MRQL is a query processing and optimization system for large-scale, distributed data analysis, built on top of Apache Hadoop, Hama, Spark, and Flink. MRQL has been incubating since 2013-03-13. Three most important issues to address in the move towards graduation: 1. Increase the number of active committers 2. Increase adoption, expand user community, and increase user list activity Any issues that the Incubator PMC (IPMC) or ASF Board wish/need to be aware of? The project is not making much progress on the level of increasing the number of active committers and expanding the users community. This is already being discussed inside the project community and the main active committer asked to give the project more few months as he will try spreading the word more about the project through some public events How has the community developed since the last report? None How has the project developed since the last report? During the last three month, 12 jira issues were reported, from which 10 were fixed. Most of these issues were related to MRQL query evaluation in Flink mode. Finally, we have set up MRQL on ASF Jenkins, which is a CI server that continuously checks the integrity of our builds and validates our tests. Date of last release: 2014-06-26 When were the last committers or PMC members elected? 2014-04-17 Signed-off-by: [X](mrql) Alan Cabrera [ ](mrql) Alex Karasulu [X](mrql) Mohammad Nour El-Din Shepherd/Mentor notes: Konstantin Boudnik (cos): Very light email list traffic compare to prev. month. Mentors are active.

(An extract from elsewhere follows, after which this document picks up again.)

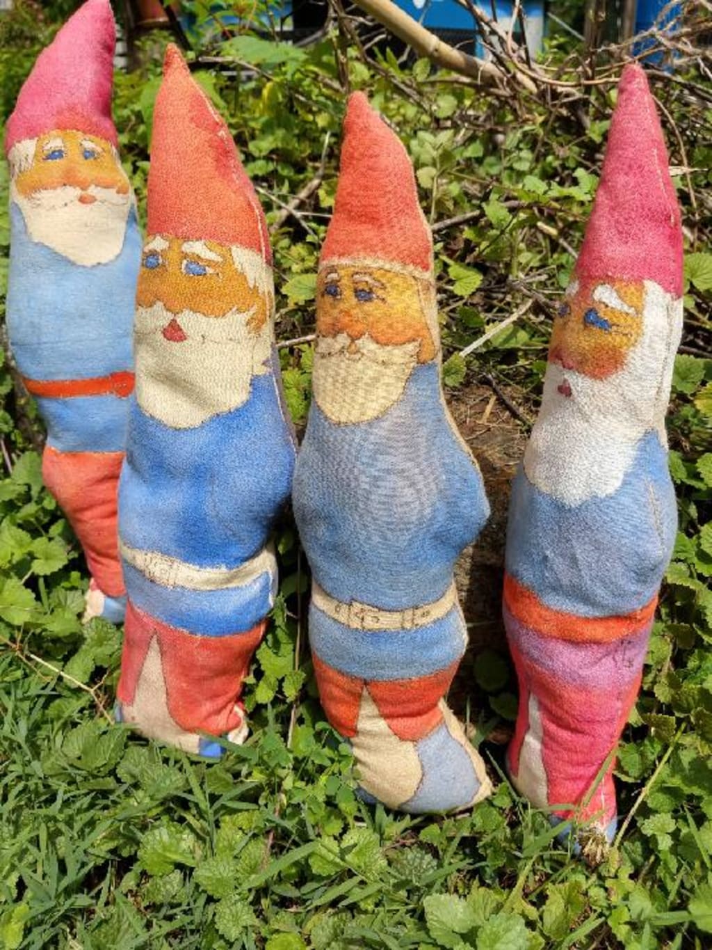 After the original gnome book came out in 1974, gnomes were a hot market. There were gnome coffee mugs, gnome candy dishes, gnome soap dishes, etc. Then there were all the indoor statues you could buy in various sizes and made of various materials. You could buy small 6 inch gnomes of wood or a 12 inch clay statue. Florist were using them in their arrangements. Children wanted a soft gnome to sleep with so the market provided that too. Next came the market for lawn ornaments. You could buy them out of concrete or pottery.

MRQL is a query processing and optimization system for large-scale, distributed data analysis, built on top of Apache Hadoop, Hama, Spark, and Flink. MRQL has been incubating since 2013-03-13. Three most important issues to address in the move towards graduation: 1. increase the number of active committers 2. increase adoption, expand user community, and increase user list activity Any issues that the Incubator PMC (IPMC) or ASF Board wish/need to be aware of? none How has the community developed since the last report? There were no new developers or new committers since our last reports. How has the project developed since the last report? During the last three month, 12 jira issues were reported, from which 10 were fixed. Most of these issues were related to MRQL query evaluation in Flink mode. Finally, we have set up MRQL on ASF Jenkins, which is a CI server that continuously checks the integrity of our builds and validates our tests. Date of last release: 2014-06-26 When were the last committers or PMC members elected? 2014-04-17 Signed-off-by: [ ](mrql) Alan Cabrera [ ](mrql) Anthony Elder [ ](mrql) Alex Karasulu [ ](mrql) Mohammad Nour El-Din Shepherd/Mentor notes: Podling looks very healthy.
MRQL is a query processing and optimization system for large-scale, distributed data analysis, built on top of Apache Hadoop, Hama, Spark, and Flink. MRQL has been incubating since 2013-03-13. Three most important issues to address in the move towards graduation: 1. increase the number of active committers 2. increase adoption, expand user community, and increase user list activity Any issues that the Incubator PMC (IPMC) or ASF Board wish/need to be aware of? none How has the community developed since the last report? We have released our second release under Apache incubation. After we added Apache Flink as an evaluation backend for MRQL, there was an interest by the Flink community in our project, which may result in collaboration between the projects and may expand our user community. How has the project developed since the last report? We have added support for Apache Flink. Now users can run MRQL queries on a Yarn cluster using 4 different backends (Hadoop map-reduce, Hama, Spark, and Flink), without having to change their queries. Date of last release: 2014-06-26 When were the last committers or PMC members elected? 2014-04-17 Signed-off-by: [X](mrql) Alan Cabrera [ ](mrql) Anthony Elder [ ](mrql) Alex Karasulu [ ](mrql) Mohammad Nour El-Din Shepherd/Mentor notes: jmclean: Mentors active and project healthy. Project has discussed graduation but feels it needs more active committers.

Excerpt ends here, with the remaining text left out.